Mais, de bonne foi, le procureur général a pu être convaincu que, au sein de la 18e chambre, la délibération de ses deux collègues Paul Blondeel et Mireille Salmon, était frappée d’illégalité, vu l’absence de Christine Schurmans, qui s’était fait porter pâle. D’où la visite inquiète de Marc de le Court à Guy Delvoie et, consécutivement, l’emballement de Ghislain Londers, étiqueté CD&V, plongeant son couteau dans le dos d’une magistrate  » du même bord  » pour défendre un principe d’indépendance qu’il croyait violé.

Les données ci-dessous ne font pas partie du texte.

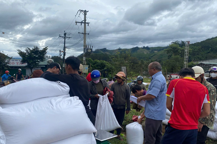 Người dân vùng thiên tai tiếp nhận hỗ trợ lương thực, thực phẩm từ chính quyền địa phương.

La  » guerre des juges  » qui empoisonne l’atmosphère du palais de justice de Bruxelles montre, en tout cas, que les magistrats sont des hommes et des femmes comme les autres. Pour ceux auxquels l’affaire Dutroux n’aurait pas ouvert les yeux, c’en est une nouvelle démonstration ! La dépolitisation instaurée par le Conseil supérieur de la justice n’est pas parfaite. Certains magistrats recherchent toujours l’adoubement des partis, et ceux-ci, via la moitié des membres non magistrats désignés par le Parlement, gardent toujours un £il intéressé sur les nominations. Si, de l’avis des avocats, le niveau des magistrats s’est fortement amélioré depuis que le CSJ procède à leur sélection, en revanche, il ne s’accompagne pas nécessairement d’autres qualités moins mesurables : le bon sens, la modestie, le courage sans la témérité, la conscience de ses responsabilités, une vision globale de la société. Le droit est, par nature, conservateur. Ce n’est pas trop demander de ses serviteurs qu’ils gardent leurs antennes branchées sur d’autres réalités qu’une équation juridique. C’est le prix de la pax justitia qui, tôt ou tard, sera signée.